----- Source data

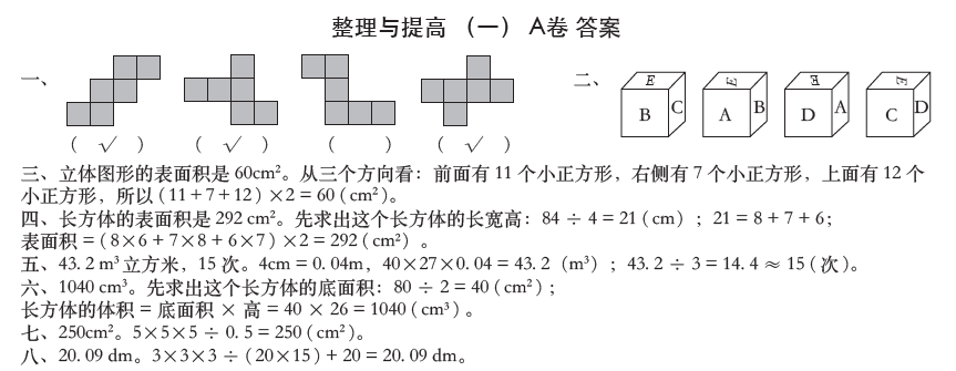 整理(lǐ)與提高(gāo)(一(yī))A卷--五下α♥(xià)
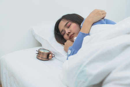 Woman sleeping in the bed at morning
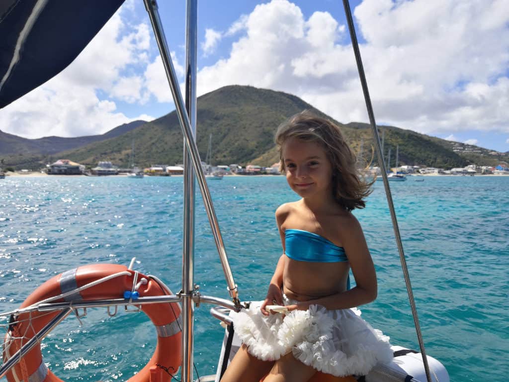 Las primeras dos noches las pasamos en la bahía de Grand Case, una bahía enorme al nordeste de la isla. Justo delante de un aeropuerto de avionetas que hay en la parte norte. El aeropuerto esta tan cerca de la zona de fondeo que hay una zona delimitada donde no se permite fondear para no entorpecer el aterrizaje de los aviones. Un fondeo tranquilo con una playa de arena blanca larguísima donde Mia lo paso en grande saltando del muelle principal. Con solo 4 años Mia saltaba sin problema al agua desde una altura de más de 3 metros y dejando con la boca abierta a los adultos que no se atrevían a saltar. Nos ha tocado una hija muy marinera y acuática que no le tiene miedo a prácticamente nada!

----------

◆ Task description:
Any images must be left out; transcribe the rest of the material exactly.

◆ Answer box:
 整理(lǐ)與提高(gāo)(一(yī))A卷--五下α♥(xià)
 Woman sleeping in the bed at morning
 Las primeras dos noches las pasamos en la bahía de Grand Case, una bahía enorme al nordeste de la isla. Justo delante de un aeropuerto de avionetas que hay en la parte norte. El aeropuerto esta tan cerca de la zona de fondeo que hay una zona delimitada donde no se permite fondear para no entorpecer el aterrizaje de los aviones. Un fondeo tranquilo con una playa de arena blanca larguísima donde Mia lo paso en grande saltando del muelle principal. Con solo 4 años Mia saltaba sin problema al agua desde una altura de más de 3 metros y dejando con la boca abierta a los adultos que no se atrevían a saltar. Nos ha tocado una hija muy marinera y acuática que no le tiene miedo a prácticamente nada!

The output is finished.